## Exercise requirements
When you retype the records that follow, keep each word as it is and drop any pictures.

** Opening Materials provided block **

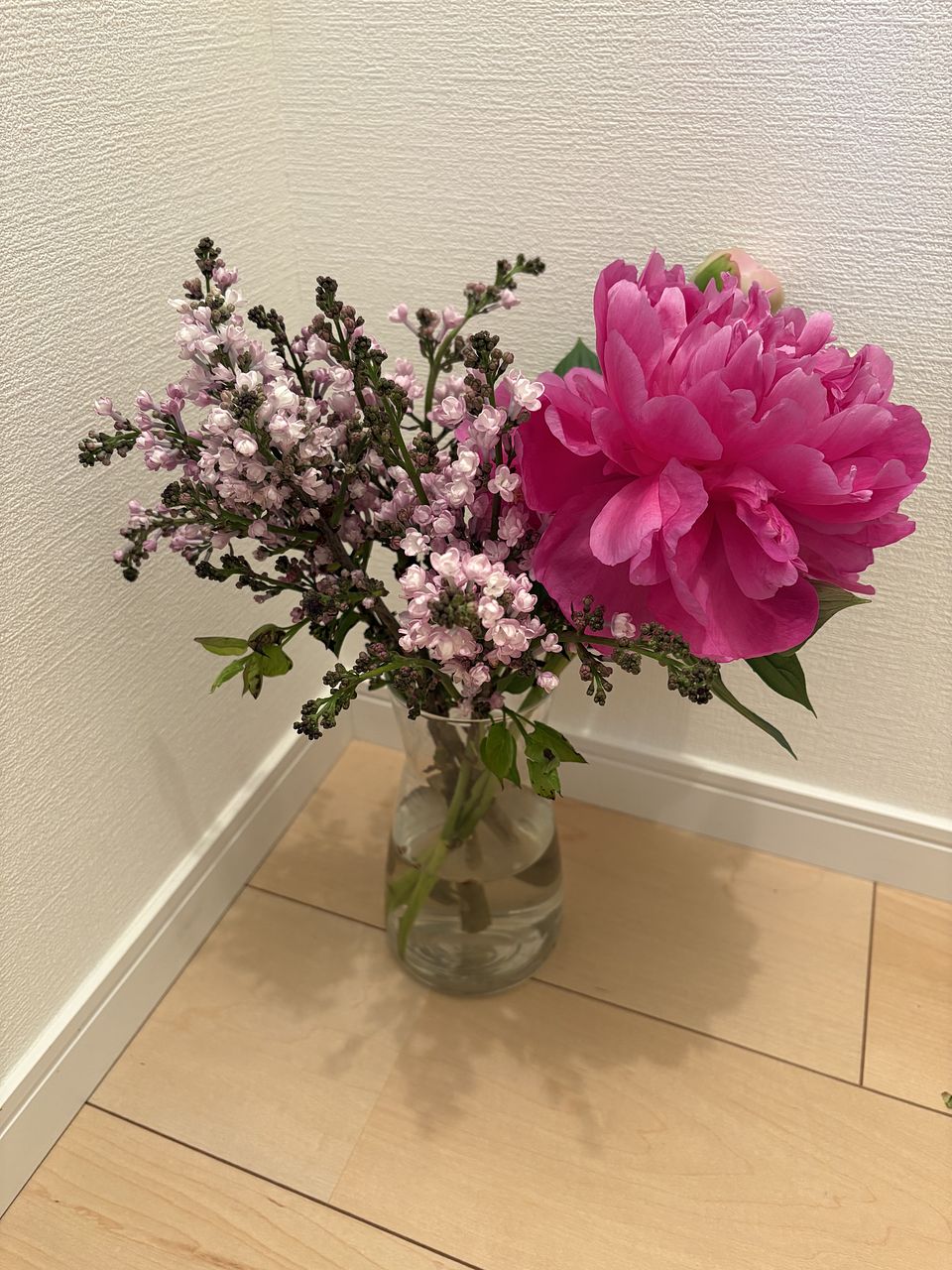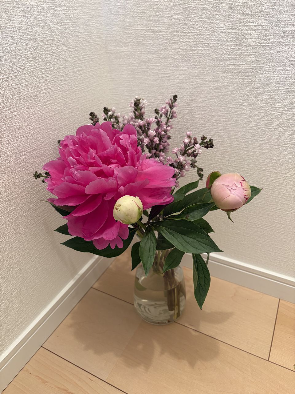 とても可愛いお花が届きました✨ ピオニーはふんわり咲いた物と柔らかい蕾の物、硬い蕾の物の3本と、ふわふわのライラックが2本入ってました! 花瓶はファゴットに飾って、ボリュームは少し寂しいですが、ちょうど良い長さでした。 ピオニーの硬い蕾が綺麗に咲く様に頑張ります💕
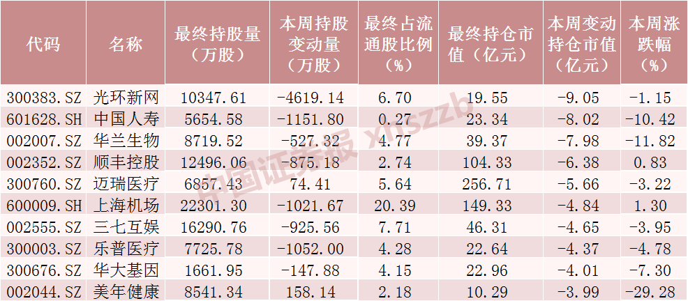 从持仓市值变动情况来看,Choice数据显示,本周北向资金仅对5只个股的持仓市值减少超过5亿元,分别为光环新网、中国人寿、华兰生物、顺丰控股、迈瑞医疗,持仓市值分别减少9.05亿元、8.02亿元、7.98亿元、6.38亿元、5.66亿元。从市场表现上来看,本周北向资金持仓市值减少额超5亿的个股除顺丰控股上涨0.83%外,其他4只个股均下跌,华兰生物跌幅最大,本周累计下跌11.82%。
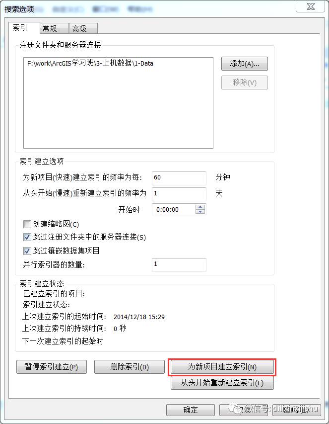 [8]单击【为新项目建立索引】,开始创建索引,索引创建状态发生变化,如下图;
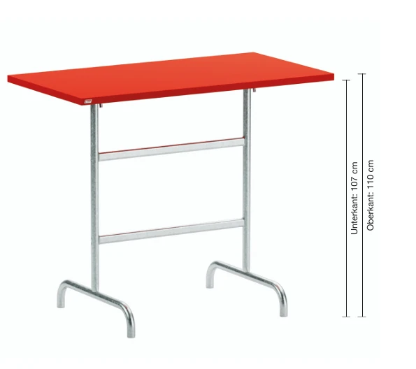 Höhe Untekante Tischplatte: 107 cmHöhe Oberkante Tischplatte: 110 cm
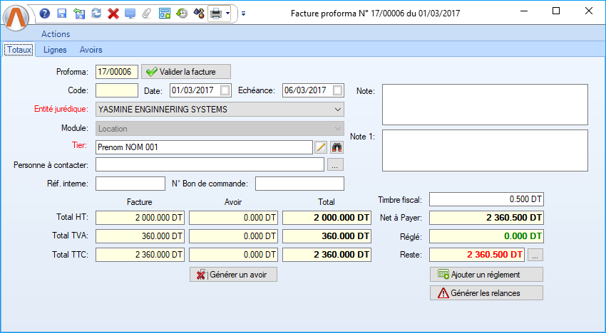 En lecture seule, auto généré lorsqu'on appuie sur le bouton "Valider la facture" |

** Closing Materials provided block **

## Response to this task
 とても可愛いお花が届きました✨ ピオニーはふんわり咲いた物と柔らかい蕾の物、硬い蕾の物の3本と、ふわふわのライラックが2本入ってました! 花瓶はファゴットに飾って、ボリュームは少し寂しいですが、ちょうど良い長さでした。 ピオニーの硬い蕾が綺麗に咲く様に頑張ります💕
 从持仓市值变动情况来看,Choice数据显示,本周北向资金仅对5只个股的持仓市值减少超过5亿元,分别为光环新网、中国人寿、华兰生物、顺丰控股、迈瑞医疗,持仓市值分别减少9.05亿元、8.02亿元、7.98亿元、6.38亿元、5.66亿元。从市场表现上来看,本周北向资金持仓市值减少额超5亿的个股除顺丰控股上涨0.83%外,其他4只个股均下跌,华兰生物跌幅最大,本周累计下跌11.82%。
 [8]单击【为新项目建立索引】,开始创建索引,索引创建状态发生变化,如下图;
 Höhe Untekante Tischplatte: 107 cmHöhe Oberkante Tischplatte: 110 cm
 En lecture seule, auto généré lorsqu'on appuie sur le bouton "Valider la facture" |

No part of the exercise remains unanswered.